= Elizabeth Augustus Whitehead =

American classical archaeologist

Elizabeth Grace Augustus Whitehead (1928–1983) was an American classical archaeologist and philanthropist. She was the general secretary of the Archaeological Institute of America (AIA) between 1971 and 1978 and president of the board of the American School of Classical Studies at Athens (ASCSA) from 1976 until her death in 1983.

== Early life and education ==
Elizabeth Grace Augustus was born in Willougby, Ohio, on June 17, 1928. Her father was Ellsworth Hunt Augustus (1887–1964), a businessman and national president of the Boy Scouts of America, and her mother was Elizabeth Good Augustus. She attended Hathaway Brown School and Sarah Lawrence College.

She married Curtis Jones in 1952 and moved to Bucks County, Pennsylvania. They had three children: Dylan Jones, Sydney Jones and Evan Jones.

== Archaeological career ==
Whitehead's interest in archaeology began at the age of 33, on a family tour of Greece, where her father was attending a Scout Jamboree. They were accompanied by a guide, Constantine Nicoloudis, whose deep knowledge of the country's history and antiquities made the trip "nothing less than a first-rate illustrated course in classical archaeology."

On her arrival back in the United States, Whitehead immediately applied to study classical archaeology at the University of Pennsylvania. Enrolling in 1963, she studied primarily under Rodney Young, and worked on his excavations at Gordion. She also joined an expedition to locate ancient Thurii in Italy. Her studies covered a range of topics and she was a regular participant in seminars at both Penn and Bryn Mawr College. By 1969, she had completed the requirements for a PhD in classical archaeology, but never submitted a dissertation. Her biographer, Doreen Spitzer, speculated that, while Whitehead remained interested and committed to the discipline, her affluent background left her with little reason to pursue an academic career. The expectations of a housewife and mother-of-three at the time also drastically reduced the time she could devote to her studies, as did her divorce from Jones in 1968.

=== Archaeological Institute of America and American School at Athens ===
In 1969, Whitehead married Edwin C. "Jack" Whitehead, a businessman, philanthropist, and founder of the Whitehead Institute. The couple settled in Greenwich, Connecticut, along with Elizabeth's three children and Jack's five from previous marriages. This busy home life put an end to Whitehead's studies at Penn. However, in 1971, she was drawn back into archaeology when her former teacher Rodney Young asked her to take the position of general secretary of the Archaeological Institute of America (AIA). Young was then the president of the AIA, an organization that promotes the public understanding of archaeology, primarily through its more than one hundred local societies. As general secretary, Whitehead ran the national office in New York. At the beginning of her tenure it was largely concerned with classical archaeology; Whitehead broadened its focus to include the archaeology of the Americas and, after establishing links with archaeological organizations in China, the archaeology of East Asia. She left her position at the AIA in 1978 but was elected an honorary fellow for life.
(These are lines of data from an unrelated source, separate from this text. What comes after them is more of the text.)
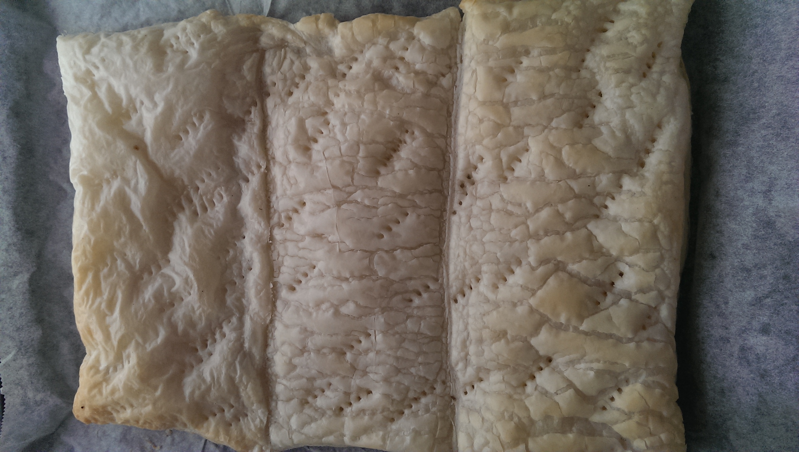 Tin butterdeigplatene og kjevle de ut på et bakepapir. Stikk hull på deien og forstek den i ovnen i 10 minutter på 200 grader.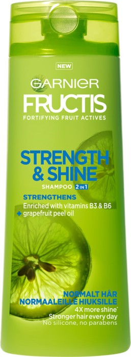 Fructis Strength & Shine Shampoo 2-in-1 är ett schampo som ger glans till normalt hår. Strength & Shine 2-in-1 innehåller olja från grapefruktskal och vitaminerna B3 och B6 för att vårda håret och stärka hårfibrerna. Schampot har en balsameffekt för att göra håret mjukt och lättare att reda ut.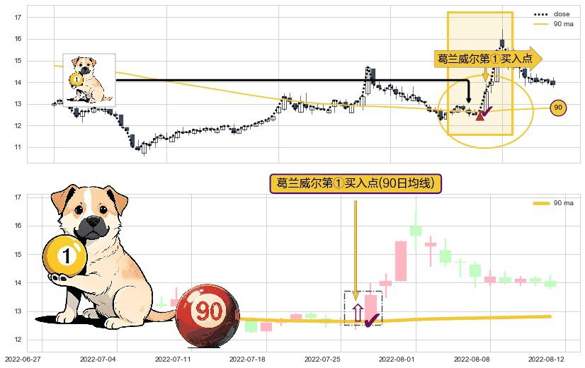 ⚀ 2022-07-26-日显现 葛兰威尔均线 90日均线 第买①入点 走势反转见底信号,后市看涨,买进信号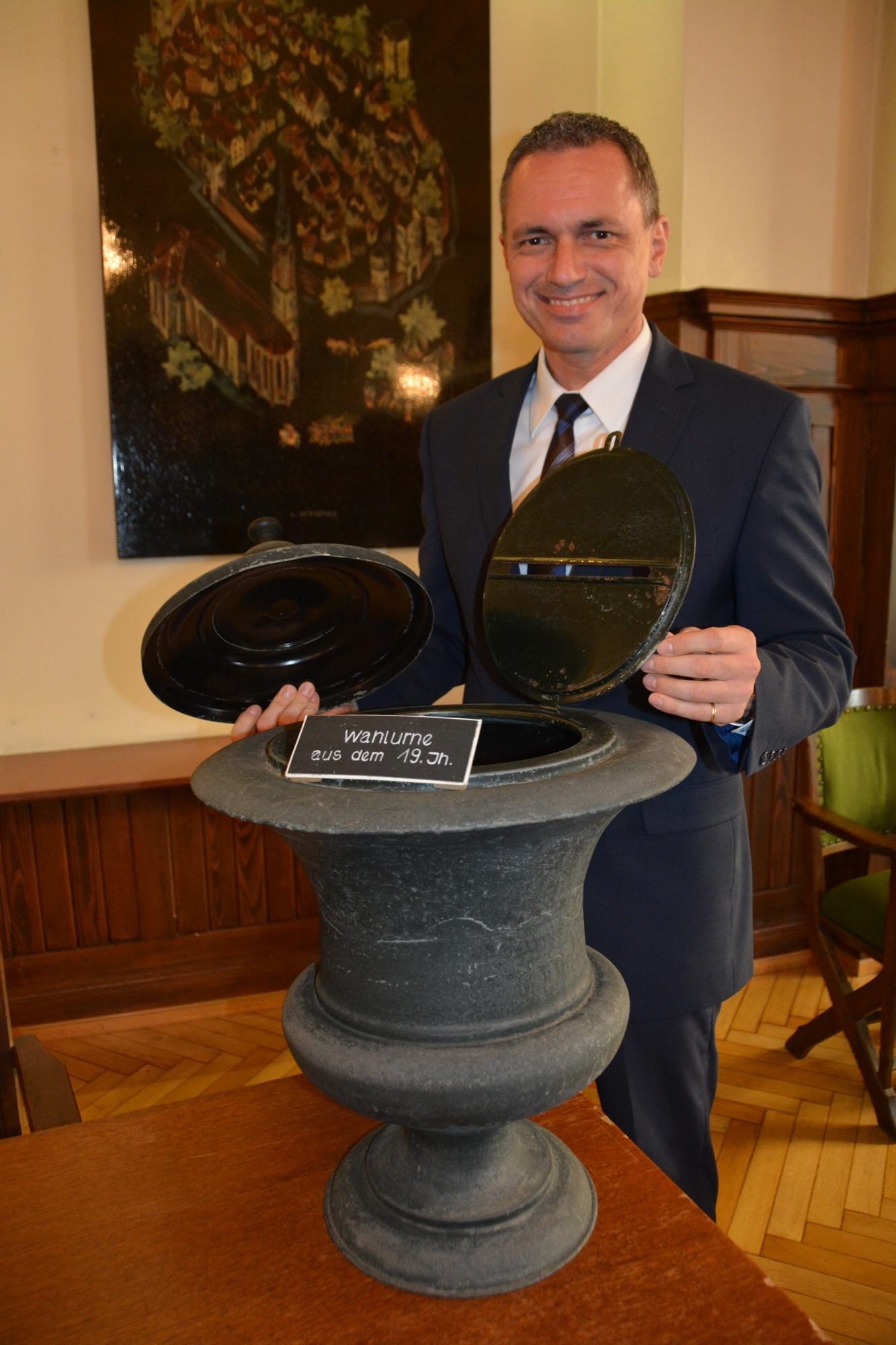 Dass der Gang zur Wahlurne eine lange Tradition hat beweist ein Fundstück, das Bürgermeister Günter Pfundstein im Storchenturm-Museum entdeckt hat. Es ist eine als Blech geschmiedete Wahlurne aus dem 19. Jahrhundert. Beim Rundgang mit den »Zelli«-Kindern im Sommer habe er ganz oben unterm Dach des Museums das seltene Stück gefunden. Die Wahlurne wird am Wahlsonntag im Rathaussaal ausgestellt. Vielleicht animiert sie noch den einen oder anderen zur Stimmabgabe, hofft Bürgermeister Pfundstein.

Whitehead was invited to become a trustee of the American School of Classical Studies at Athens (ASCSA) in 1972, and was appointed the president of the board in 1976. She initiated a major fundraising campaign and was successful in raising more than $6 million for the school, including a large donation from her own funds. She also began the publication of an annual Newsletter, worked to maintain cordial relations between the ASCSA and archaeological authorities in Greece, and improved the school's public exposure.

=== Other activities ===
In addition to her positions at the AIA and ASCSA, Whitehead supported a number of other institutions, many concerned with archaeology, through donations and by serving as a trustee. In 1968, she met George Bass and helped him found the Institute of Nautical Archaeology. She was also a trustee of her alma mater Sarah Lawrence College from 1976 to 1980, a member of the executive board of the Institute for Advanced Study in Princeton, and a board member of her husband's Whitehead Institute.

== Death and legacy ==
Whitehead suffered from pulmonary fibrosis from the mid-1970s. She died of the disease on August 3, 1983. She bequeathed a large collection of books to the ASCSA library, as well as an endowment for a visiting professorship. Her husband, who became a trustee after her death, later doubled the endowment, creating two Elizabeth A. Whitehead Visiting Professor positions at the ASCSA.

The library of the Whitehead Institute for Biomedical Research is named for her.